Der hedonistische Hang zur extremen Individualisierung betrifft und destabilisiert alle gesellschaftlichen Bereiche. Besonders getroffen ist die heutige Kunst, die vor der Existenzfrage steht, welche Rolle sie in einer derart vom Geschmack dominierten Welt, die sich gänzlich dem schönen Schein verschrieben hat, überhaupt zu spielen vermag. Wenn in allen Lebensbereichen ein Überangebot an nur geschmacklich zu bewältigenden Wahlmöglichkeiten besteht - kann es dann noch einen spezifisch ästhetischen Selektionsmodus geben, der sich weiterhin als Kunst qualitativ von anderen Arten des Umgangs mit Wahlmöglichkeiten unterscheiden läßt? Diese für die Kunst heute entscheidende Problematik war von völlig untergeordneter Bedeutung, solange es selbstverständlich erschien, daß nur wenige, ganz bestimmte Lebensbereiche für Geschmacksentscheidungen reserviert und - wie die Kunst - prädestiniert waren, ohne jedoch darum von allgemein verbindlichen Normen unabhängig zu sein.

I) Gestern

Das "ästhetische Geschmacksurteil" indes als einen völlig eigenen Urteils- und Erfahrungsbereich zu begreifen und es vor allem von bloßen Sinnenurteilen, aber ebenso von Erkenntnis-, wie Moralurteilen systematisch abzugrenzen, solche Überlegungen finden sich zuerst bei Kant. Indem er das Ästhetische vom Sinnlich-Angenehmen, dem Erkenntnismäßig-Wahren und dem Moralisch-Guten theoretisch abkoppelte, begründete er bereits gedanklich die Autonomie der Kunst, bevor sie sich infolge der Französischen Revolution auch faktisch durchsetzte. Daß Kant die Kunst als ein autonomes, jenseits von Normen und Notwendigkeiten liegendes Reich geistiger Freiheit konzipieren konnte, verdankt sich nicht zuletzt der Postulierung eines neuen Typus von Ideen und zwar solchen, welche "viel zu denken veranlas(sen), ohne daß (ihnen) doch irgendein ... Begriff adäquat sein kann" (5). Beim Spiel, der durch solche Ideen angeregten Einbildungskraft, entsteht eine Sphäre des Fiktiven und Möglichen, in der nach Kant allein der Geschmack als "ästhetische Urteilskraft" zu Entscheidungen fähig ist.

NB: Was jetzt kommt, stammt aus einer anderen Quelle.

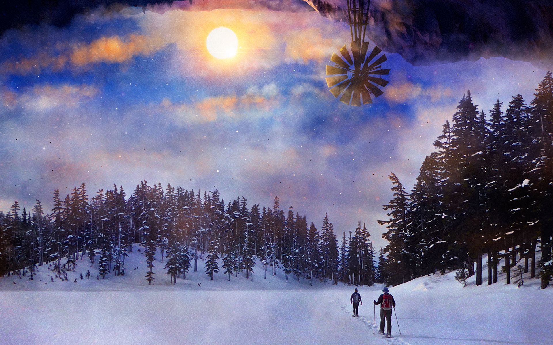Download 1920x1200 skiing, forest, sun, landscape wallpaper, background widescreen 16:10

Obwohl Kants Theorie des "ästhetischen Geschmacksurteils" konstitutiv für die Autonomie der Kunst war, entwickelt sich diese in der gesamten Moderne als ein dauernder Affront gegen alles Geschmackliche. Mit dem künstlerischen Autonomiestreben unvereinbar, galt vor allem der dem Geschmack noch aus der Feudalzeit anhaftende diktatorische und vom Bürgertum weiter aufrechterhaltene normative Charakter, der von außerästhetischen und als absolut geltenden Werten abgeleitet wurde.

Dagegen hat die moderne Kunstproduktion radikal rebelliert, indem sie die gesellschaftlich geltenden Sitten, Bräuche, Konventionen, Regeln und Anschauungen generell zu vereinen oder zu überwinden suchte und darüber hinaus ganz gezielt die Provokation des je vorherrschenden Kunstgeschmacks betrieben hat. Alles ausschließlich sensuell Reizende, das rein rational zu Erkennende, wie das strikt sittlich Gebotene möglichst zu vermeiden und sich so über die gesellschaftlichen Ansprüche, Interessen und Erwartungen an Kunst, ja sogar über deren eigene Tradition hinwegzusetzen, gehörte zum Programm der Avantgarde: "Das große Ziel ... bestand in einer Reaktion gegen den Geschmack." (6)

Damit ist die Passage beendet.